§ **Exercise directions**
Write exactly, with no line omitted or added, the span beginning at the line that holds "Újvidék, Novi Sad;" and ending at the last line of the records.

** Records provided follows **

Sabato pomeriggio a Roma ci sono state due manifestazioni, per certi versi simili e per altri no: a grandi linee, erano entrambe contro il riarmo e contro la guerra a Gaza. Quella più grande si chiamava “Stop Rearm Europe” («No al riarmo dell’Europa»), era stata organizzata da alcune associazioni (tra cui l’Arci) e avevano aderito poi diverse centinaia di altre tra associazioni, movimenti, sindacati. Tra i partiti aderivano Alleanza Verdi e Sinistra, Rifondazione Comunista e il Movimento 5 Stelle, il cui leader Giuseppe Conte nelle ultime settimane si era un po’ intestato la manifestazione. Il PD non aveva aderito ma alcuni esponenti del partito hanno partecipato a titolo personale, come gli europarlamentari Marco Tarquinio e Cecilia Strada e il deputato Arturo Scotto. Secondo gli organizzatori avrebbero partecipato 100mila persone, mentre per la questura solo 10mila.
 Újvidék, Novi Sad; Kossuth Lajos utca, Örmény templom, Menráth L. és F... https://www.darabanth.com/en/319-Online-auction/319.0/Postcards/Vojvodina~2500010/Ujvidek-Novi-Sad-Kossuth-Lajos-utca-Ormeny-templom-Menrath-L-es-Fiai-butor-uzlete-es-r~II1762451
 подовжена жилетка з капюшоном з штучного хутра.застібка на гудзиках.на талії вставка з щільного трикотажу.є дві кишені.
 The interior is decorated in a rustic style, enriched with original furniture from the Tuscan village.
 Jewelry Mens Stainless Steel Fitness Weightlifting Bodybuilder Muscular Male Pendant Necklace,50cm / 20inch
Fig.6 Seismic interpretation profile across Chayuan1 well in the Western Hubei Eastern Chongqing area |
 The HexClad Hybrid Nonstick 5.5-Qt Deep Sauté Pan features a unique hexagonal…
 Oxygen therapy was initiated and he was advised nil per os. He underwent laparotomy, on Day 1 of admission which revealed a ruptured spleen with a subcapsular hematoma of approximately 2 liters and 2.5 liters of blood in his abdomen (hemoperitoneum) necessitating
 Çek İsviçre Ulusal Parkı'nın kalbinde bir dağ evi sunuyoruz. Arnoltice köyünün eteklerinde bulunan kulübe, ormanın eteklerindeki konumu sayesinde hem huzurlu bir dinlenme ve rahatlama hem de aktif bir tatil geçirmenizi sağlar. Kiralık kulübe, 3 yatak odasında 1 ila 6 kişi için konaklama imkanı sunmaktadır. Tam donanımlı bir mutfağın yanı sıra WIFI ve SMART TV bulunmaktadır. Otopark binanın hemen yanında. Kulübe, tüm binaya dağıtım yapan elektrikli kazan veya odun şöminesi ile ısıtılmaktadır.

** End of Records provided **

§ **Written response**
 Újvidék, Novi Sad; Kossuth Lajos utca, Örmény templom, Menráth L. és F... https://www.darabanth.com/en/319-Online-auction/319.0/Postcards/Vojvodina~2500010/Ujvidek-Novi-Sad-Kossuth-Lajos-utca-Ormeny-templom-Menrath-L-es-Fiai-butor-uzlete-es-r~II1762451
 подовжена жилетка з капюшоном з штучного хутра.застібка на гудзиках.на талії вставка з щільного трикотажу.є дві кишені.
 The interior is decorated in a rustic style, enriched with original furniture from the Tuscan village.
 Jewelry Mens Stainless Steel Fitness Weightlifting Bodybuilder Muscular Male Pendant Necklace,50cm / 20inch
Fig.6 Seismic interpretation profile across Chayuan1 well in the Western Hubei Eastern Chongqing area |
 The HexClad Hybrid Nonstick 5.5-Qt Deep Sauté Pan features a unique hexagonal…
 Oxygen therapy was initiated and he was advised nil per os. He underwent laparotomy, on Day 1 of admission which revealed a ruptured spleen with a subcapsular hematoma of approximately 2 liters and 2.5 liters of blood in his abdomen (hemoperitoneum) necessitating
 Çek İsviçre Ulusal Parkı'nın kalbinde bir dağ evi sunuyoruz. Arnoltice köyünün eteklerinde bulunan kulübe, ormanın eteklerindeki konumu sayesinde hem huzurlu bir dinlenme ve rahatlama hem de aktif bir tatil geçirmenizi sağlar. Kiralık kulübe, 3 yatak odasında 1 ila 6 kişi için konaklama imkanı sunmaktadır. Tam donanımlı bir mutfağın yanı sıra WIFI ve SMART TV bulunmaktadır. Otopark binanın hemen yanında. Kulübe, tüm binaya dağıtım yapan elektrikli kazan veya odun şöminesi ile ısıtılmaktadır.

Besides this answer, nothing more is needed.